Skrabanek was deeply interested in languages. He learned several major European languages during his student years, and was private pupil of rabbi Richard Feder in Brno and learned Hebrew. While in Ireland he became interested in the Irish language and also Hiberno-English. He also learned Japanese.

Skabanek began to systematically devote himself to Joyce's Finnegans Wake in the early 1970s. While in Czechoslovakia, he became acquainted with the early Czech translations of Dubliners (1933), A Portrait of the Artist as a Young Man (1930) and Ulysses (1930). Skrabanek and his wife Věra decided to improve their basic knowledge of English by reading each day to each other several pages of Ulysses.

Skrabanek's first encounter with Finnegans Wake was through an excerpt of the Anna Livia Plurabella section translated into Czech by Zdeněk Urbánek in 1966. He wrote his first article on Joyce in A Wake Newslitter in 1971. More articles followed, and Skrabanek became respected as an authority on Finnegans Wake. In the 1980s he began to hold seminars about Joyce's riddling text at University College Dublin. He focused mainly on the analysis of Joyce's work language components: his main contribution to the study of Joyce's literary experiment is the extensive dictionary of expressions taken from Slavic languages, but he also published articles about the use of Hebrew, Armenian, Japanese, Afar, and Irish English in Finnegans Wake.
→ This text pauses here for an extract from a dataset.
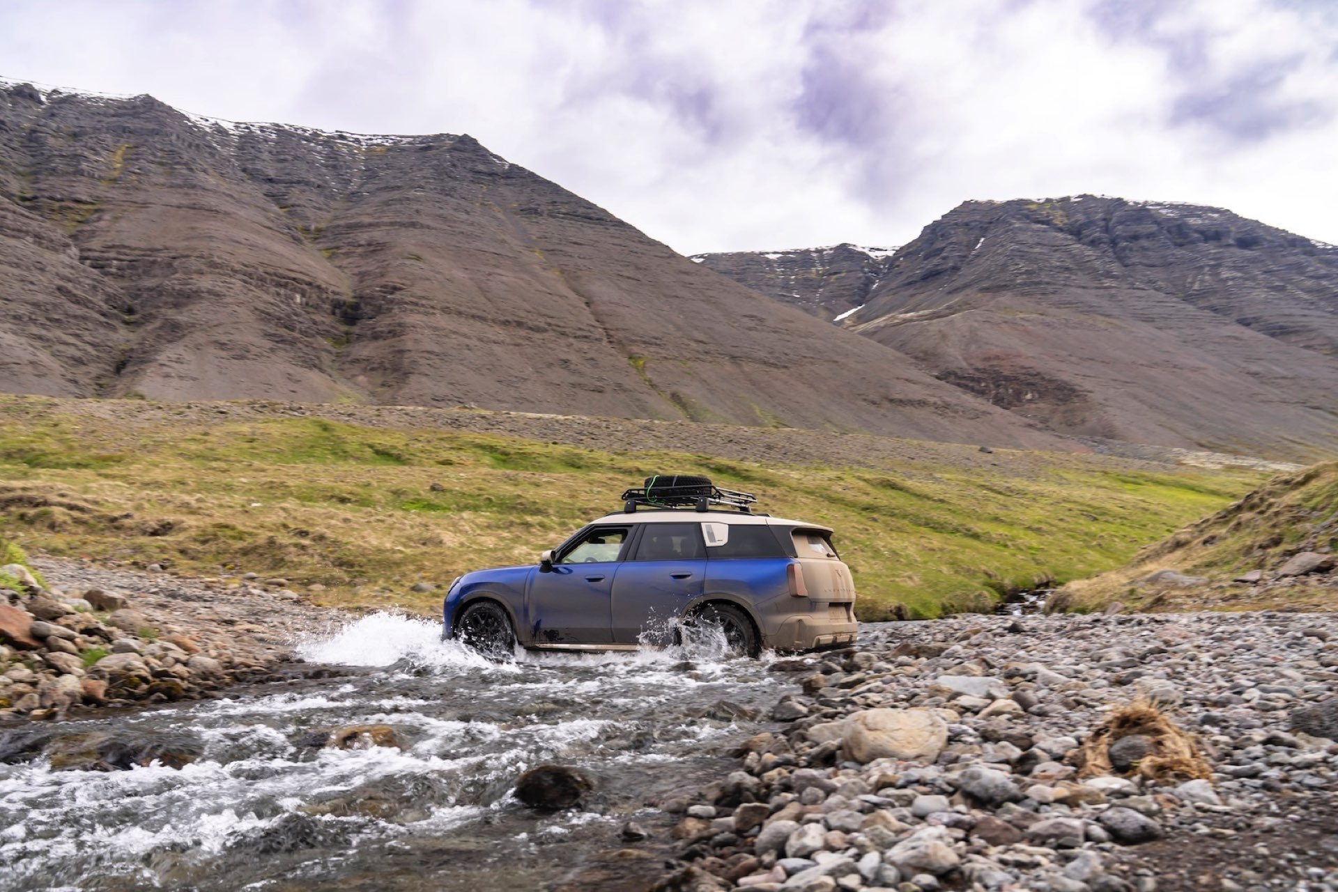 80 Prozent aller Straßen auf Island sind unbefestigt und auch wenn die Ring Road vor ein paar ein paar Jahren durchgehend asphaltiert wurde, ist eine Tour mit einem normalen Fahrzeug wenig empfehlenswert. Während die meisten Touristen mit weißen Mietwagen wie dem Dacia Duster 4×4 die Insel bevorzugt asphaltiert erkunden und echte Offroadfans mit Defender, G-Klasse, Patrol oder speziell aufgerüsteten Expeditionsfahrzeugen unterwegs sind, geht es für uns mit einem Mini Countryman SE All4 (U25) auf große Fahrt – elektrisch angetrieben und leicht aufgerüstet.

The article "Slavonicisms in Finnegans Wake" was originally published in Irish-Slavonic Studies. It was also reprinted in Litteraria Pragensia in the original English version.
Skrabanek's contribution to the identification of Slavonicisms in the Wake cannot be overestimated. During the compilation of his Slavonic index, he was able to locate the elements from Russian, Ukrainian, Polish, Czech, Slovak, Serbo-Croatian, Slovenian and Bulgarian language. Collected articles about Finnegans Wake has been published under the title "Night Joyce of a Thousand Tiers: Petr Skrabanek Studies in Finnegans Wake".

==Response==
Three years after his death, the Skrabanek Foundation was established by his wife, friends and associates. Vera Capkova Skrabanek and James McCormick were company directors. The goal of the foundation was to provide a forum concerning general issues of medicine and ethics, along the lines of skeptical inquiry. The first interdisciplinary symposium held by the Foundation was held in May 1995 in Dublin. The foundation was dissolved in May 2005.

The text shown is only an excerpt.